As a sim­ple ex­am­ple, imag­ine a dis­pute be­tween two cowork­ers, Alice and Bob, in the AI lab; each sus­pects the other of plot­ting against them. If Bob is para­noid, he could check the pre­dic­tions of the AI sys­tem to see what Alice will do. If the AI sys­tem pre­dicts that Alice will pub­li­cly de­nounce Bob, this could con­firm his sus­pi­cions and cause him to spread ru­mors about Alice, lead­ing her to pub­li­cly de­nounce him. Or, if the AI sys­tem pre­dicts that Alice will sup­port Bob on a key is­sue, Bob could con­clude he was wrong all along and try to rec­on­cile with Alice, lead­ing her to sup­port him on a key is­sue. The AI sys­tem will pre­fer to out­put whichever branch of the pre­dic­tion is sim­pler to pre­dict.

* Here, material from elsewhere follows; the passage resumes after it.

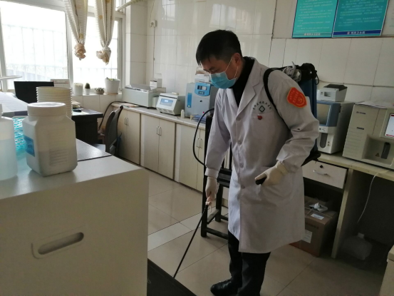 院党支部组织委员、副院长谢水兵接到分管通知,立即组织部署、人员分配,带头取消春节休假,坚守岗位,冲在防控斗争第一线。一天中随处可见他忙碌的身影,他带领着临床医生下乡入户追踪武汉返株人员,登记信息、发放告知书、对居民进行居家隔离指导;他背着喷雾器对全院每一个角落、救护车进行严密的消毒处理;他也会在沪昆高速株洲东出口进行排查值守;夜间仍然坚持接送在沪昆高速值守又出行不便的同志。
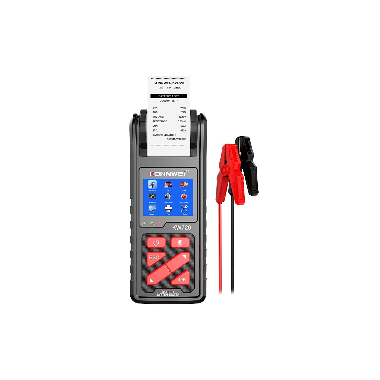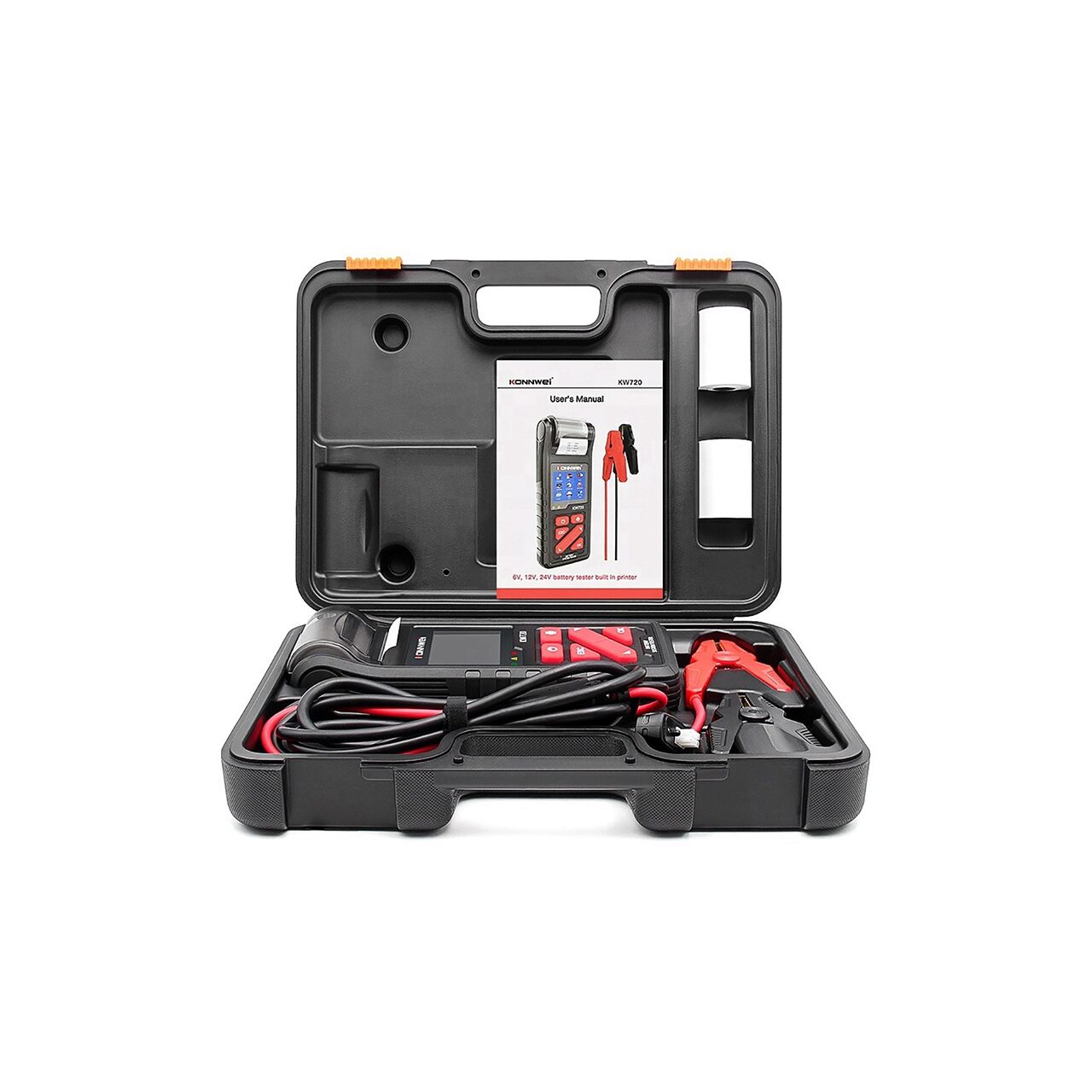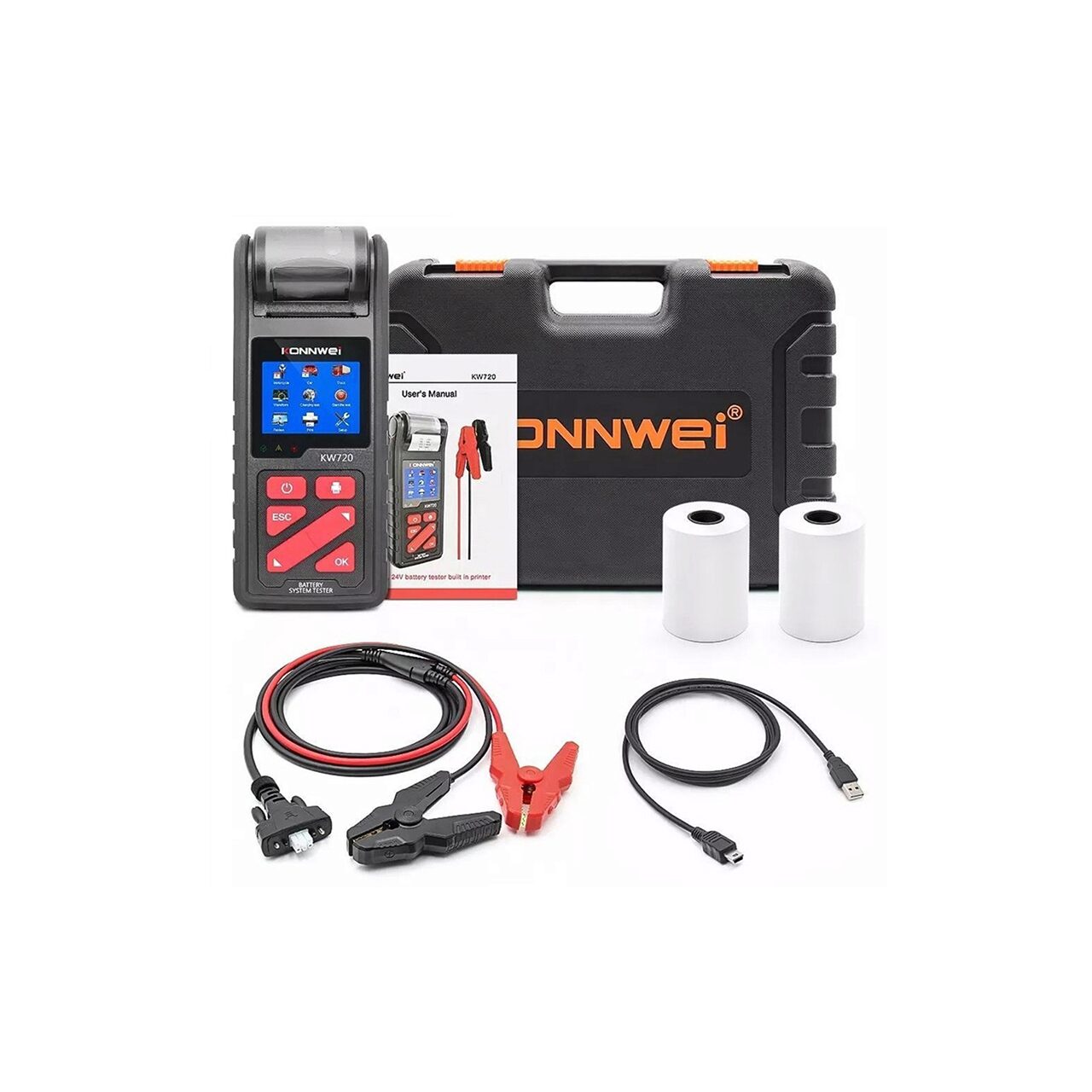 Testerul de baterie KONNWEI KW720 poate verifica starea generală de funcționare a bateriei de 6V 12V 24V. Testarea bateriei poate analiza starea de sănătate a bateriei pentru a calcula capacitatea reală de pornire la rece a bateriei și gradul de îmbătrânire. Testul de pornire vă ajută să testați și să analizați motorul de pornire, iar testul de încărcare este de a verifica starea sistemului de încărcare pentru a evita deteriorarea bateriei. Testerul de baterie KONNWEI KW720 are imprimantă încorporată, echipată cu hârtie standard pentru imprimantă termică, poate imprima direct rezultatul ultimului test După finalizarea testului, puteți imprima cu ușurință rezultatele testului, apoi le puteți lipi pe fisa de lucru. COmpatibil cu majoritatea standardelor pentru bateriile vehiculelor, cum ar fi CCA, BCI, CA, MCA, JIS, DIN, IEC/EN/SAE Potrivit pentru toate bateriile cu plumb-acid de 1V -30V, de la 100 la 2000 CCA, inclusiv inundate obișnuite, AGM plat placă, spirală AGM, baterii GEL și EFB pentru camion, barcă, mașină, motociclete, mașini de tuns iarba și alte mașini de grădinărit, etc. Clemele de aligator complet izolate sunt construite ținând cont de siguranța utilizatorului prin funcționare fără scântei și protecție împotriva polarității inverse. Acest tester de baterii auto este ușor de utilizat și poate obține rezultate precise în câteva secunde.

A more ex­treme ex­am­ple. If the pre­dic­tor is VERY su­per­hu­man, it could learn an ad­ver­sar­ial fixed-point for hu­mans: a speech which, when hu­mans hear it, causes them to re­peat the speech, then com­mit suicide, or oth­er­wise act in a very pre­dictable man­ner. It’s not clear if such a speech ex­ists; but more broadly, in a com­plex en­vi­ron­ment, the set of fixed-points is prob­a­bly very large. Op­ti­miz­ing over that set can pro­duce ex­treme out­comes.

Th­ese same prob­lems could arise within AI sys­tems which use pre­dic­tors as a com­po­nent, like this sys­tem, which con­tains a pre­dic­tive model op­ti­mized for pre­dic­tive ac­cu­racy, and a policy net­work op­ti­miz­ing for some ob­jec­tive. The policy net­work’s de­ci­sions will de­pend on what the pre­dic­tive model says is likely to hap­pen, in­fluenc­ing what the pre­dic­tive model ends up see­ing. The pre­dic­tor could then steer the over­all sys­tem to­wards more pre­dictable fixed-points, even if those fixed-points ob­tain less value on the ob­jec­tive the policy net­work is sup­posed to be op­ti­miz­ing for.

To some ex­tent, this seems to un­der­mine the or­thog­o­nal­ity the­sis; an ar­bi­trary pre­dic­tor can’t just be plugged into an ar­bi­trary ob­jec­tive and be counted on to op­ti­mize well. From the per­spec­tive of the sys­tem, it will be try­ing to op­ti­mize its ob­jec­tive as well as it can given its be­liefs; but those ‘be­liefs’ may them­selves be op­ti­mized for some­thing quite differ­ent. In self-refer­en­tial sys­tems, be­liefs and de­ci­sions can’t be eas­ily sep­a­rated.